Bailout - how soon to tell if it is working?

From those more in the know than I, how soon will we know whether the US’s $near-trillion bailout is succeeding in ameliorating the financial crisis?

What factors will allow us to say when - with any degree of confidence/consensus - whether the bailout was better than the alternatives (including doing nothing)?

A quick-and-dirty way might be to track the TED spread. The link to Bloomberg’s chart is here

http://www.bloomberg.com/apps/quote?ticker=.TEDSP:IND

This is usually defined as the spread between LIBOR rates (the rates at which banks lend to each other) and 3-month T-Bills (the supposedly ‘riskless’ rate).

Historically this has been in the 0.50-1% range. Meaning, it has been a little riskier for banks to lend to each other than it is to buy T-Bills, but not much.

Lately, it’s been up near 4%. Meaning, banks are much more afraid to lend money to each other, and even less interested in lending to regular Joes like you and me.
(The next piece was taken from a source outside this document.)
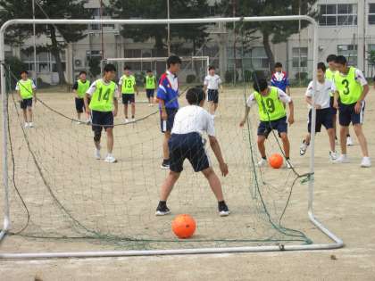 (写真中:サッカー講座 審判など進行もしっかりしてくれました)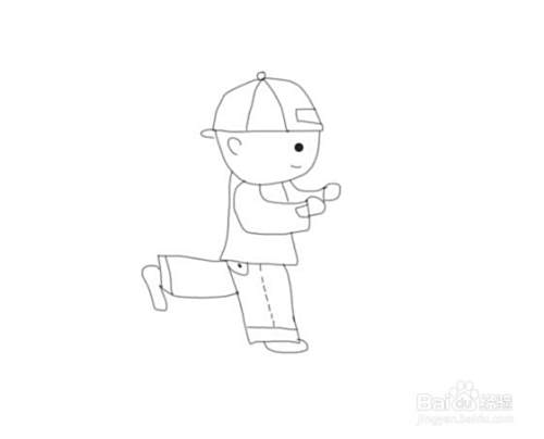 再在身体的下面我们再画出小朋友的两条腿,并在腿部上面再画出小朋友的脚部,如图所示:

As long as this rate stays high, not a lot of bank-to-bank lending will take place and therefore less lending will trickle down to Main Street.

When this spread starts to come down, it means banks have more confidence in each other’s creditworthiness, and therefore the pipes of the financial system will start to unclog.

There are other metrics to track, but if you only want to track one, this would get my vote.

CNN yesterday said 6 to 9 months before it would have a decent effect. The .5 interest rate cut. 6 to 9 months.
Seems wrong. Why did we have to pass the bailout in such a hurry if its impact was down the line ? We could have taken time and done it correctly.

I think the theoretical answer is that more banks could have failed.

More banks will fail. A lot more. We are about to take over the banking system. The infusion of 600 billion or so has not shaken interbank lending loose. CNN says a lot of banks have money but lack the confidence to let go of it. We have to get confidence in the system. I do not see how that can happen. It is very hard to borrow.

More banks will fail. A lot more. We are about to take over the banking system. The infusion of 600 billion or so has not shaken interbank lending loose. CNN says a lot of banks have money but lack the confidence to let go of it. We have to get confidence in the system. I do not see how that can happen. It is very hard to borrow.
The market is down over 600 today and dropping.

Financial stocks are plummeting the DOW is 8607.

Very possible. Anyway the urgency came from the sense that more large banks were going to fail soon if nothing was done.

How much of the money, if any, has been dispersed? I actually don’t know. The interest rate cuts the other day were also designed to promote more lending and they haven’t, so far. Meanwhile several banks in Europe went down or were given additional guarantees. A U.S. bailout can’t fix that.

The only way we will get confidence in the system is if every piece of dodgy debt is examined, dissected, and tracked backwards through however many onion layers there may be to the ultimate asset that started it. And then its actual value publicized.

I thought the first infusion was supposed to be $150 billion, but I have not been paying very close attention.

What I fear is that these organizations are extremely savvy. Once they have seen the possibility of a subsidy, they will be unwilling to accept the hit involved in selling at depressed market rates.

It is the old slippery slope. If the gov’t will pay $700 bill to bail out AB&C, well, why not anothr couple of hundred billion to help out DE&F? When willwe know we have spent enough?

And if we aren’t going to just keep spending and spending, then why spend the first $700 bill.

Speaking personally, it sucks to see my savings plummet. I hope they recover, at least to some extent. But hey, I’m a big boy, and if I take a hit, well, I’ll just have to make and save some more, and be more careful in my future investments. But what will REALLY piss me off is seeing my net worth take a huge hit AND see my government piling on hundreds of billions of unneccessary additional debt. And I damn well want to see EVERYONE - rich and poor - taking at least as big a hit as I am.

The financial gurus who cooked up these schemes have made sure transparency was not part of the deal. They do not want anybody to know what they did. These schemes were sold around the world with varying government laws and regulations. I think they did an exemplary job of looting. They will skate and even get paid to attempt to fix the messes they made.